Go to the line holding "雅安市交通建設(shè)(集" in the data below and repeat it exactly, then each line after it up to and including the one holding "SMY Elegant Trend". Omit pictures.

[Source data]
--*--
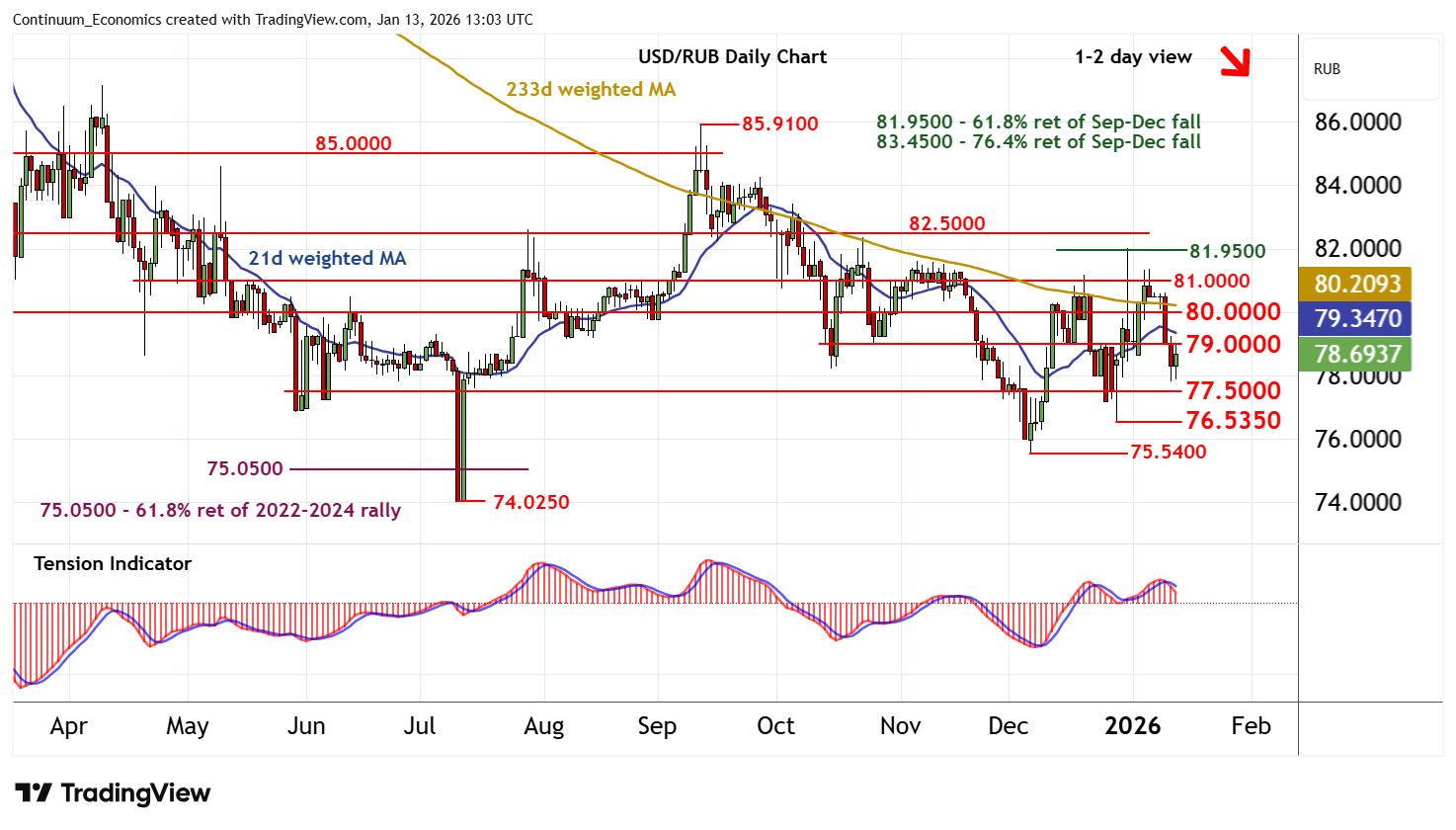 12:30 GMT - The anticipated break below 79.0000 has bounced from just below 78.0000, with prices currently trading around 78.8500. Daily stochastics and the daily Tension Indicator continue to track lower, highlighting room for a test of congestion support at 77.5000. But rising weekly charts should limit any break in renewed buying interest towards the 76.5350 weekly low of 29 December. Meanwhile, resistance is lowered to 79.0000. A close above here, if seen, will help to stabilise price action and prompt consolidation beneath congestion around 80.0000.
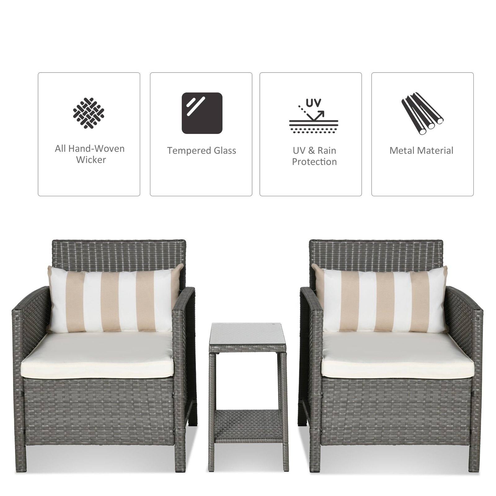 Make the right choice for the upcoming Summer season  choose this three-piece dining set from Outsunny for endless hours of comfort and joy. In a contrasting cream tone, thick cushions are placed on the seats for comfort, with a stylish striped bolster cushion also included for extra style  all with removable covers which can be washed clean to keep them fresh and hygienic. The set is completed with a matching two-tier table, with a tempered glass top for a chic finishing touch.
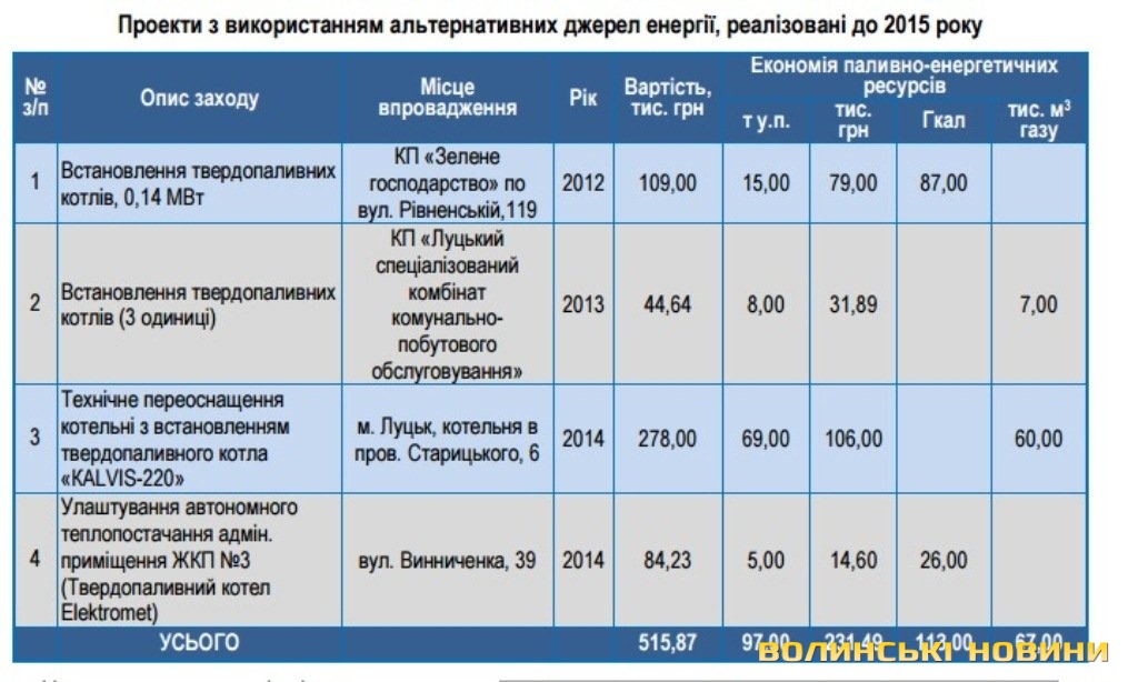 У ПДСЕР, своєю чергою, вказані перспективи використання «зеленої енергії» для Луцька. так, до 2015 року проекти з використанням альтернативних джерел енергії стосувалися заміни котлів на твердопаливні. Це один з варіантів заощадження енергії для міста.А ось аналіз можливостей використання енергії вітру, сонця в Луцьку наступний. Середня швидкість вітру в Луцьку – 3,6 метра за секунду. А економічно доцільна швидкість вітру для встановлення вітрогенераторів 5 метрів за секунду. Тож потенціал енергії вітру для Луцька - незначний.
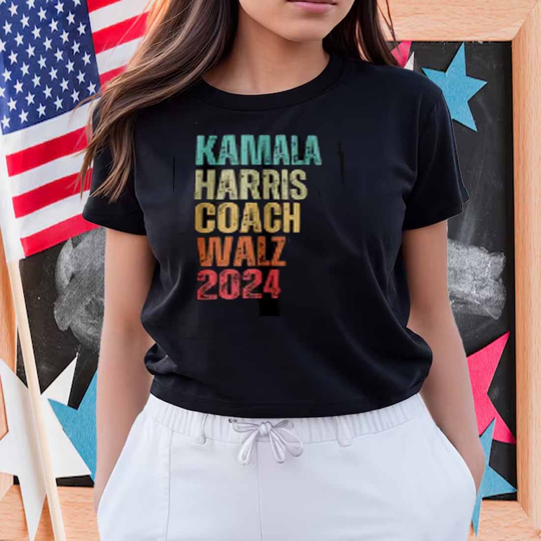 Harris Waltz 2024 Retro Style Tee – Kamala Harris & Coach Walz Campaign Shirt
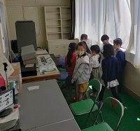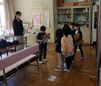 職員室では、「ここで、先生たちが仕事をしています。」、保健室では、「けがをしたらここで、手当てをしてもらえます。」等自分たちが事前に調べたことを上手に説明していました。
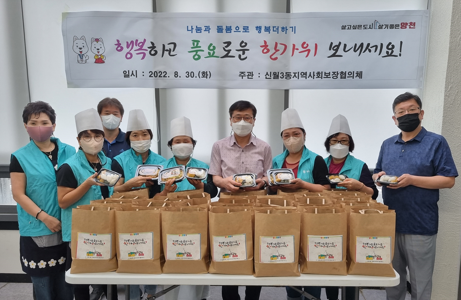신월3동(동장 안기주)에서도 지난 30일 신월3동지역사회보장협의체(이하 ‘협의체’)가 주관하는 손맛 담긴 명절음식 나눔행사 ‘우리라서 더 행복한 한가We’가 열렸다. 협의체 위원들은 고독사 위기 40가구에 정성스레 조리한 모둠전, 송편, 불고기 등으로 꾸려진 한가위 꾸러미에 희망까지 담아 각 가정에 전달했다.
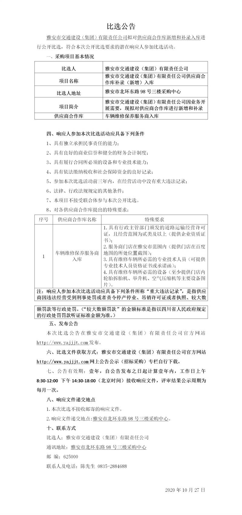 雅安市交通建設(shè)(集團(tuán))有限責(zé)任公司供應(yīng)商合作庫(kù)補(bǔ)錄(新增)入庫(kù)比選公告
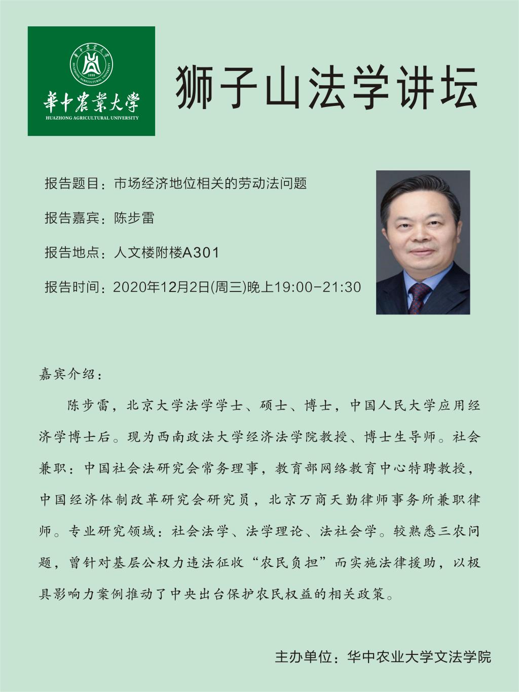 地址:湖北省武汉市洪山区狮子山街一号华中农业大学人文社科楼
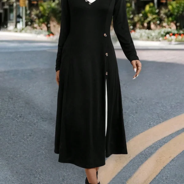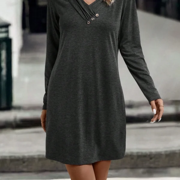 SMY Elegant Trend Small V-Neck Long Sleeved Dress With Buttons
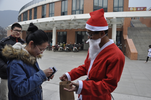 中午十二点,安全学院服务分队的工作人员早早就在活动现场设置募捐箱,以便于同学们献出爱心。服务分队成员们积极为活动作出宣传,工作人员穿戴圣诞老人套装,为过往的同学介绍活动的形式、内容以及意义,吸引了许多热心、富有爱心的同学参与捐赠。本次活动准备了丰富的圣诞礼物,包括学生们的祝愿贺卡、圣诞帽和礼品盒等。当同学们捐赠后,还获得了精美的小礼品。
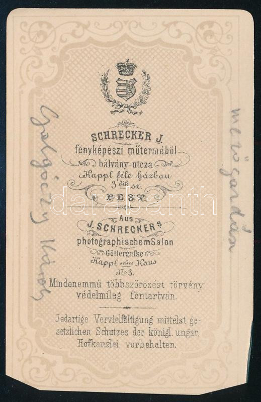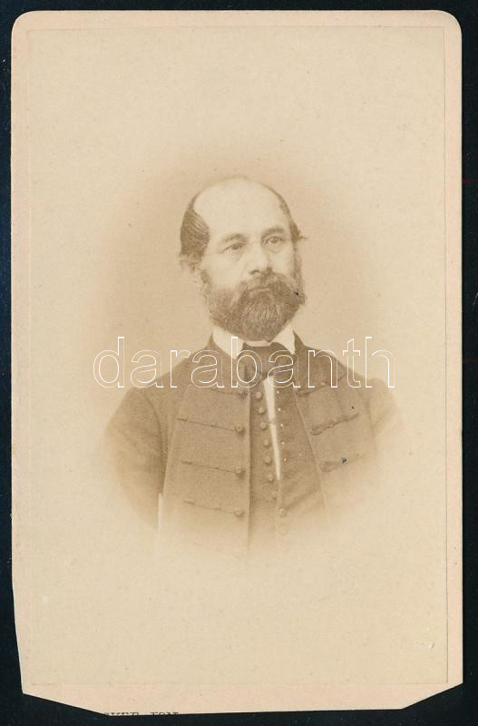 1865 Galgóczy Károly (1823-1916) mezőgazdász, közgazdász, statisztikus, történész, ügyvéd, gazdasági író; az Országos Magyar Iparegyesület, az Első Magyar Gőzhajótársaság és az Erdélyi Gazdasági Egyesület egyik megalapítója, az MTA tagja; vizitkártya Schrecker Ignác (1834-1888) pesti műterméből, alja vágott, 9,5x6 cm
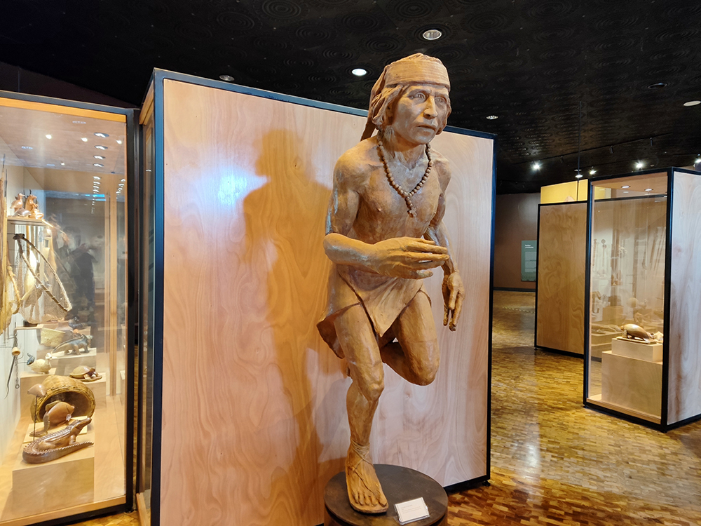 Деревянная скульптура, изображающая древнего человека в динамичной позе бега или прыжка: мускулистое тело, повязка на голове, ожерелье из бус на шее, минимальная одежда в виде набедренной повязки. Фигура выполнена в реалистичном стиле, с детальной проработкой лица, мышц и анатомии, на круглом постаменте. Вокруг — витрины с мексиканскими артефактами, включая фигурки животных и другие экспонаты.
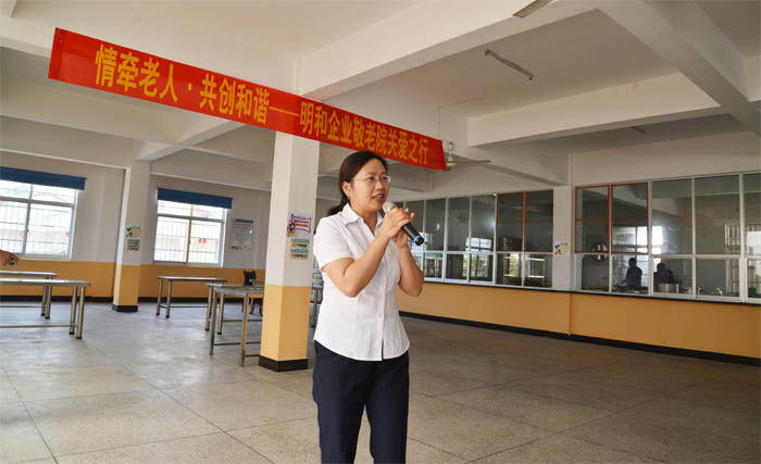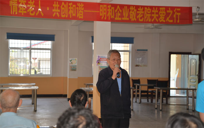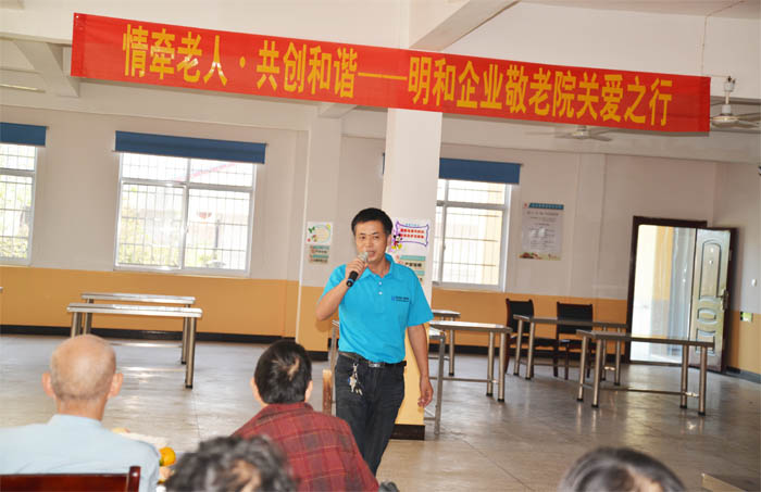 常总走上台前,向在座的嗲嗲、娭毑们送去了真挚的问候和祝福,并表示明和将在爱心回报社会的道路上再接再厉,继续前行,争取用更多的爱心回报社会!
--*--
* Reply to the exercise *
 雅安市交通建設(shè)(集團(tuán))有限責(zé)任公司供應(yīng)商合作庫(kù)補(bǔ)錄(新增)入庫(kù)比選公告
 地址:湖北省武汉市洪山区狮子山街一号华中农业大学人文社科楼
 SMY Elegant Trend Small V-Neck Long Sleeved Dress With Buttons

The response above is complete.